### Exercise brief
Exclude the pictures and reproduce exactly the lines that run from the one holding "云南省民族茶文化研究會火塘茶專委會副主任魯馨陽,聲情并茂講授茶薰療愈課程。" to the end of the entries below.

Collected data
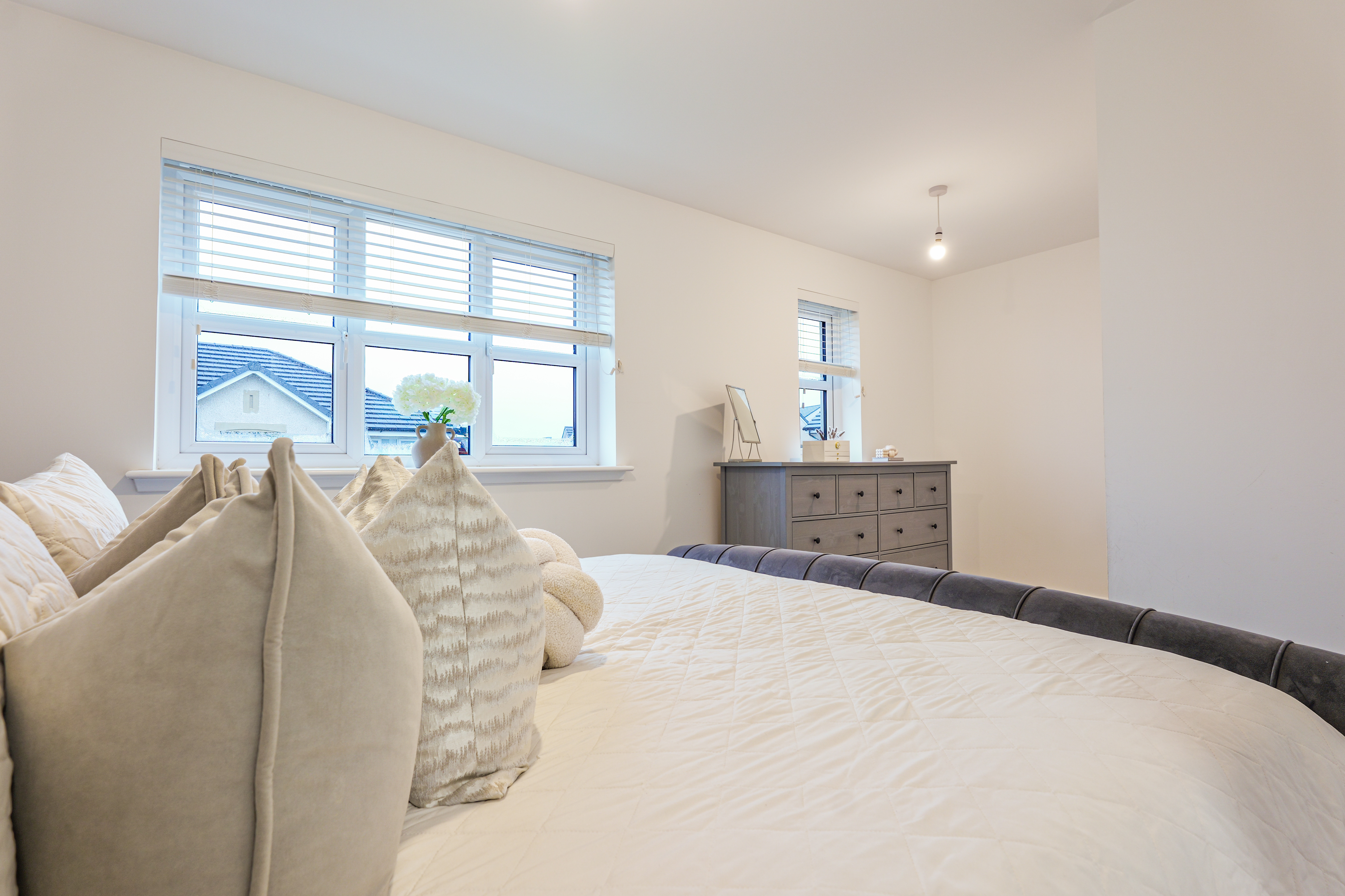 - Move-in to this stunning home which benefits from £20,000 + of upgraded extras including quality floorcoverings and blinds, fitted wardrobes in bedroom two, and tiled bathrooms.
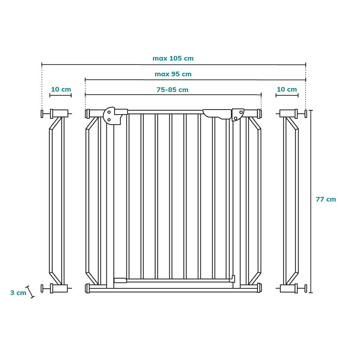 Pensée pour s’adapter, cette barrière conviendra aux ouvertures de 75 à 105 cm. Vous ajusterez l’installation selon votre configuration, et la structure restera discrète grâce à son format Slim. Au moment de passer les bras chargés, le portillon s’ouvrira dans les deux sens pour faciliter la circulation. Côté enfant, le mécanisme restera volontairement difficile à manipuler, pour une sécurité renforcée.
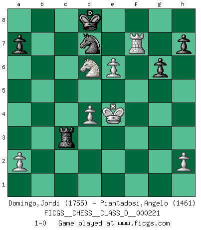 Last move : 1-0 2015 November 16 23:11:15 [Event "FICGS__CHESS__CLASS_D__000221"] [Site "FICGS"] [Date "2015.09.05"] [Round "1"] [White "Domingo,Jordi"] [Black "Piantadosi,Angelo"] [Result "1-0"] [WhiteElo "1755"] [BlackElo "1461"] 1.g4 d5 2.Bg2 Bxg4 3.c4 e6 4.cxd5 exd5 5.Qb3 Nf6 6.Nc3 Nbd7 7.Nxd5 Be6 8.Nxf6+ Nxf6 9.Qxb7 Bd5 10.Bxd5 Qxd5 11.Qxd5 Nxd5 12.Nf3 Be7 13.d3 O-O 14.Bd2 Bf6 15.e4 Nb6 16.O-O-O c5 17.Bc3 Bxc3 18.bxc3 Rfd8 19.Kc2 f6 20.Rhg1 Kf7 21.Nd2 Rab8 22.Rb1 Nd7 23.f4 g6 24.Rb3 c4 25.Nxc4 Nc5 26.Rxb8 Rxb8 27.e5 fxe5 28.fxe5 Rd8 29.Rf1+ Ke6 30.d4 Nd7 31.Kd3 Ke7 32.Ke4 Rc8 33.Nd6 Rxc3 34.Rf7+ Kd8 35.e6 1-0 Grob : Fritz gambit Kingside Castling by player Black (move 13) Queenside Castling by player White (move 16) Player White won this chess game. Follow this game move after move (download)A bad plan is better than none at all. (Frank Marshall) Sie führen leise Selbstgespräche, schlürfen lautstark ihre Getränke, schmatzen hörbar beim Essen, blasen ihrem Gegenüber Rauch in die Augen, niesen ihm ins Gesicht, starren ihn unverwandt an, bis er sich unter ihren Blicken windet, rutschen ständig auf ihrem Stuhl hin und her, rülpsen und bohren in der Nase. (Anonymous) El Ajedrez por encima de todo... ¡es una pelea!. (Emanuel Lasker) Un journaliste : 'Vous préférez avoir une dame de plus sur l'échiquier ou au lit ?' Boris Spassky : 'Ca dépend de la position.' 'preceded by its own quotation yields a falsehood' preceded by its own quotation yields a falsehood. (W. V. O. Quine - Set Theory And Its Logic, 1953)
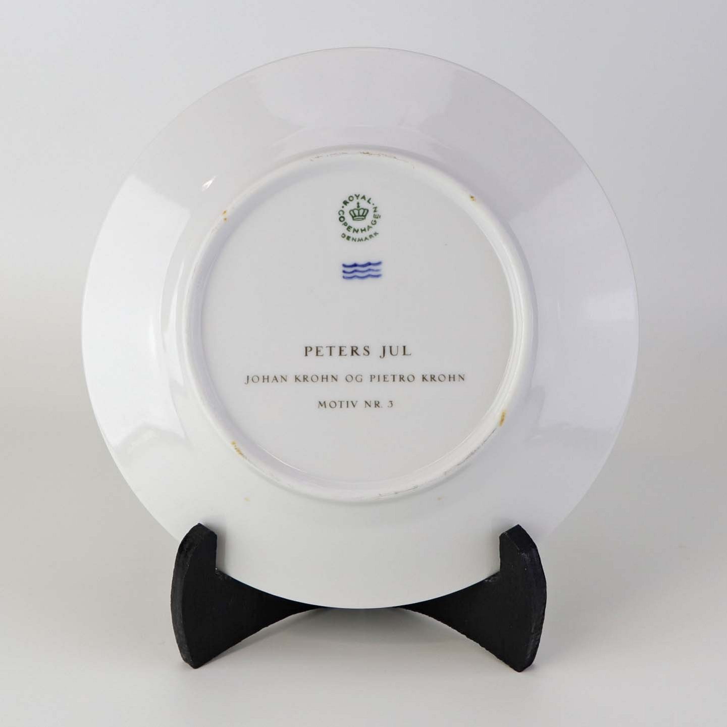 Beskrivelse: Flad desserttallerken i kongeligt porcelæn fra serien Peters Jul med motiv af søster Hanne. Nr. 3
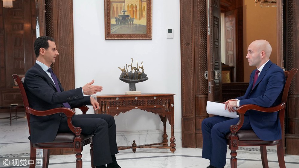 Syrian President Bashar al-Assad (L) gives an interview to a journalist from Russia Today in the capital Damascus, May 31, 2018. /VCG Photo
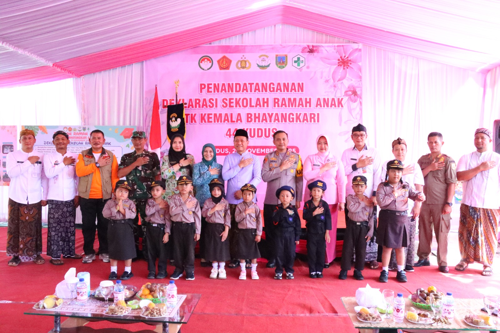 KUDUS – Kapolres Kudus AKBP Heru Dwi Purnomo bersama Bupati Kudus Sam’ani Intakoris menghadiri kegiatan Penandatanganan Deklarasi Sekolah Ramah Anak di TK Kemala Bhayangkari 44 dan 45 Kudus, Kamis (20/11/2025).
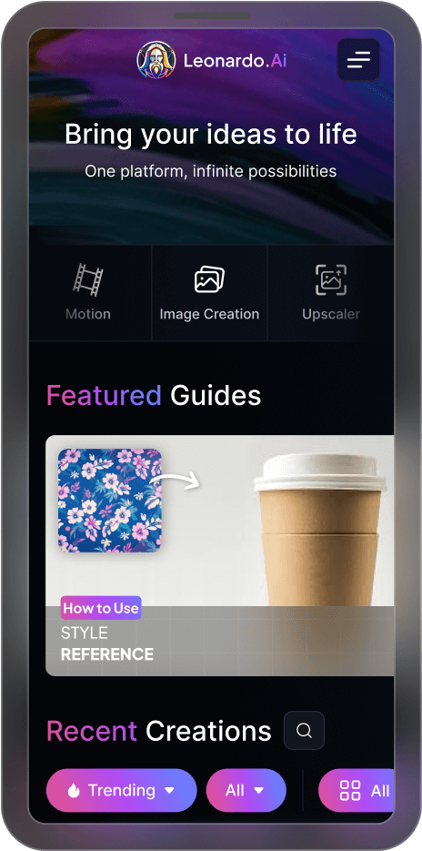 Take creativity a step further with the transformative power of our AI Image Generation tool. It’s not just about bringing your concepts to life — redefine the impossible. From beginners to professionals, we offer a spectrum of settings that can be intuitively tailored to your needs.
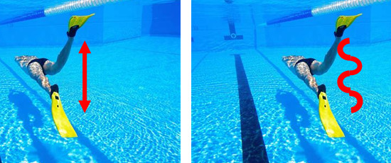 The fins should move in a vertical up and down movement (below, left) giving thrust on both up and downward strokes. If the fins are too stiff for the diver's leg muscles, the fin movement will meander (slip) from side to side during the kick stroke (below right). If this "slippage" movement is observed, the swimming diver should consider a smaller, less rigid fin.
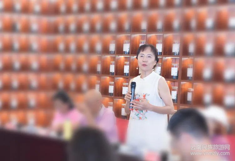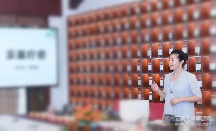 云南省民族茶文化研究會火塘茶專委會副主任魯馨陽,聲情并茂講授茶薰療愈課程。
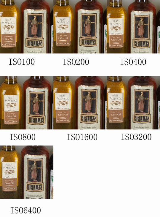 将α850 与 5D MK2的各档ISO对比,上为α850,可以看出,在低ISO下两款相机均有优异的画质表现,而在高ISO下5D2以明显优势胜出。

### Problem solution
 云南省民族茶文化研究會火塘茶專委會副主任魯馨陽,聲情并茂講授茶薰療愈課程。
 将α850 与 5D MK2的各档ISO对比,上为α850,可以看出,在低ISO下两款相机均有优异的画质表现,而在高ISO下5D2以明显优势胜出。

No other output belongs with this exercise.